I am experimenting with the new multiprocessing module in Python 2.6. I am creating several processes each with its own multiprocessor.JoinableQueue instance. Each process spawns one or more worker threads (subclasses of threading.Thread) which share the JoinableQueue instance (passed in through each Thread's __init__
method). It seems to generally work but occasionally and unpredictably fails with the following error:
File "C:\Documents and Settings\Brian\Desktop\testscript.py", line 49, in run
self.queue.task_done()
File "C:\Python26\lib\multiprocessing\queues.py", line 293, in task_done
raise ValueError('task_done() called too many times')
ValueError: task_done() called too many times
My Queue get() and task_done() calls are right after each other so they should be equal. Anecdotally this seems to occur only when the work done between the get() and the task_done() is VERY quick. Inserting a small time.sleep(0.01)
seems to alleviate the problem.
Any ideas what is going on? Can I use a multiprocessor Queue with threads instead of the more traditional (Queue.Queue)?
Thanks!
-brian
I didn't experiment with multi-processing in 2.6 yet, but I played a lot with pyprocessing (as it was called in 2.5).
I can see that you are looking for a number of processes with each spawning a set of threads respectively.

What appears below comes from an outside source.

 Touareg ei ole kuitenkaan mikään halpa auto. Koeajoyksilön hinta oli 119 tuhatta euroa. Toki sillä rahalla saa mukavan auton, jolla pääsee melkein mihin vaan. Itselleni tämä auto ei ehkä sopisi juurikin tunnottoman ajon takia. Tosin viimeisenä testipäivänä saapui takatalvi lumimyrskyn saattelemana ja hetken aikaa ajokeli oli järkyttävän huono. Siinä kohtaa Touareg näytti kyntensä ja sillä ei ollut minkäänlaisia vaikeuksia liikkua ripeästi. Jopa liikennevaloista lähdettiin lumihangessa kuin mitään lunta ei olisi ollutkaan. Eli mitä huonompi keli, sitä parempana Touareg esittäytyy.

Since you are using the multiprocessing module, I will suggest use multi process and not multi thread approach, you will hit less problems like deadlocks, etc.
Create a queue object. http://pyprocessing.berlios.de/doc/queue-objects.html
For creating a multi process environment use a pool: http://pyprocessing.berlios.de/doc/pool-objects.html which will manage the worker processes for you. You can then apply asynchronous/synchronous to the workers and can also add a callback for each worker if required. But remember call back is a common code block and it should return immediately (as mentioned in documentation)

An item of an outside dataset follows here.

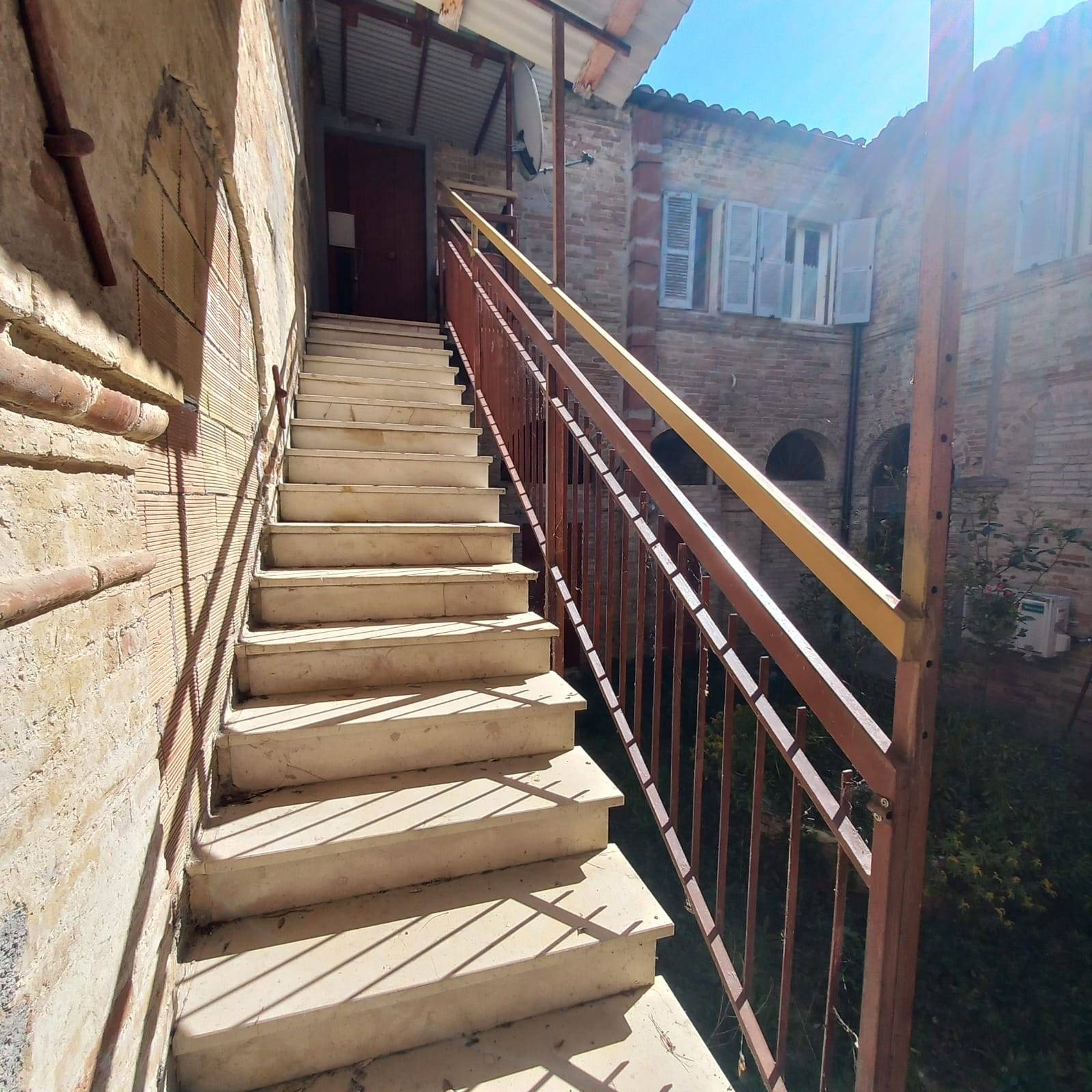 Dal cortile, tramite una scala aperta, accedo alla porta dell'appartamento.

Some additional info: If required create a manager http://pyprocessing.berlios.de/doc/manager-objects.html to manage the the access to the queue object. You will have to make the queue object shared for this. But the advantage is that, once shared and managed you can access this shared queue all over the network by creating proxy objects. This will enable you to call methods of a centralized shared queue object as (apparently) native methods on any network node.

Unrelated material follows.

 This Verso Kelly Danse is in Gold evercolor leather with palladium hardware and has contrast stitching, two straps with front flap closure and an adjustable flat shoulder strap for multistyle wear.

here is a code example from the documentation
It is possible to run a manager server on one machine and have clients use it from other machines (assuming that the firewalls involved allow it). Running the following commands creates a server for a shared queue which remote clients can use:
>>> from processing.managers import BaseManager, CreatorMethod
>>> import Queue
>>> queue = Queue.Queue()
>>> class QueueManager(BaseManager):
... get_proxy = CreatorMethod(callable=lambda:queue, typeid='get_proxy')
...
>>> m = QueueManager(address=('foo.bar.org', 50000), authkey='none')
>>> m.serve_forever()
One client can access the server as follows:
>>> from processing.managers import BaseManager, CreatorMethod
>>> class QueueManager(BaseManager):
... get_proxy = CreatorMethod(typeid='get_proxy')
...
>>> m = QueueManager.from_address(address=('foo.bar.org', 50000), authkey='none')
>>> queue = m.get_proxy()
>>> queue.put('hello')
If you insist on safe threaded stuff, PEP371 (multiprocessing) references this http://code.google.com/p/python-safethread/
You should pass Queue objects as target's arguments.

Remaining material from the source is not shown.